American Politics: Abolitionists, Political Parties, Industrial Policy, and Bill Clinton

Introduction to Part 1

Austin Ranney
Aaron Wildavsky devoted much of the last part of his prodigious scholarly career to developing and applying a new framework for the study of (mainly American) political institutions and behavior, a framework that he called “cultural theory.” Unlike the authors of some other analytic frameworks—for example, David Easton’s much-discussed and little-used “political system” taxonomy—Wildavsky’s lifelong commitment to empirical research in such fields as budgeting, implementation, bureaucracy, and presidential politics, led him not only to explicate his framework but also to test its utility for the analysis of a variety of real-world political phenomena.

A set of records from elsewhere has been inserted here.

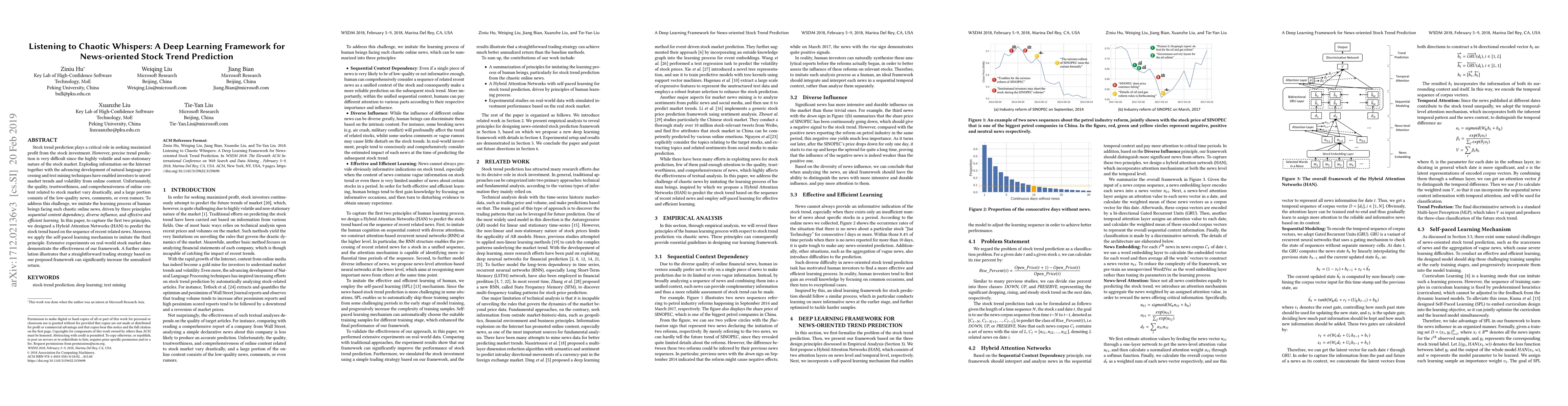 This paper proposes a deep learning framework using Hybrid Attention Networks and self-paced learning to predict stock trends from chaotic online news. The model captures sequential content dependency and diverse influence, achieving effective and efficient learning despite the variability in online content quality.
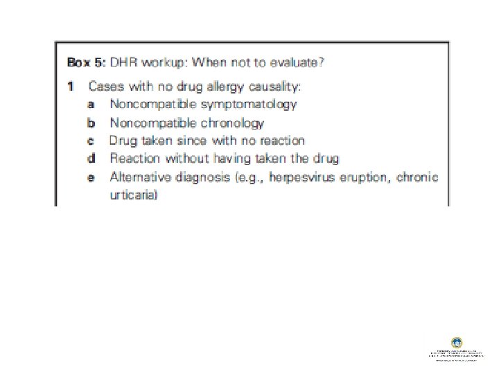 • In caso di sintomi scarsamente suggestivi • Per individuare farmaci alternativi (test di tolleranza!) • Per escludere cross-reattività (beta-lattamine) • In caso di più farmaci coinvolti in una stessa reazione • In caso di esame allergologico negativo (rash cutanei da aminopenicilline nei bambini)
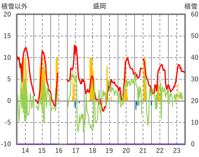 | 日 | 時 | 気温 | 降水 | 風向/風速 | 日照 | 積雪 | 降雪 |

By what measure can we decide to what extent his framework is useful? Wildavsky’s answer in chapter 1 is quite explicit: “Instead of considering a single American culture, I propose that analyzing American political life in terms of conflicts among at least three political cultures—hierarchical, individualistic, and egalitarian—will prove more satisfactory. This approach will generate fewer surprises and provide explanations that better fit the phenomena” (emphasis added).

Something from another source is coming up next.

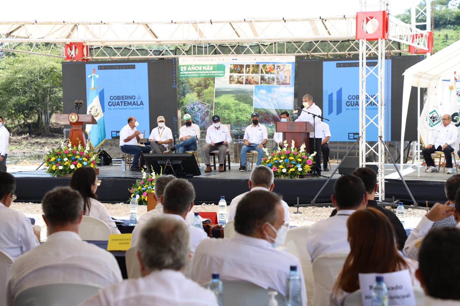 El presidente Giammattei dijo que se debe conservar, por las futuras generaciones, las áreas boscosas establecidas en concesiones forestales. “Petén es una demostración de éxito, somos líderes del proyecto de conservación por medio de las comunidades. Ningún país del mundo tiene lo que nosotros”, añadió el mandatario.
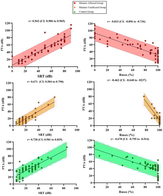 As shown in Figure 3, scatterplots were used to illustrate the relationship between PTA, SRT, and Rmax across the three study groups. Each plot displays the Spearman’s correlation coefficient (r) with its 95% confidence interval, and the shaded area represents the 95% confidence band of the linear regression.

In the five chapters that follow this introduction, Wildavsky applied his political-cultures framework to the analysis of such widely different American phenomena as the nature of the prevailing public philosophy, the causes of the Civil War, the current state of the parties, changes in industrial policies since the Jacksonian era, and Bill Clinton’s presidency. On the basis of those chapters what can we say about the relevance and utility of the framework?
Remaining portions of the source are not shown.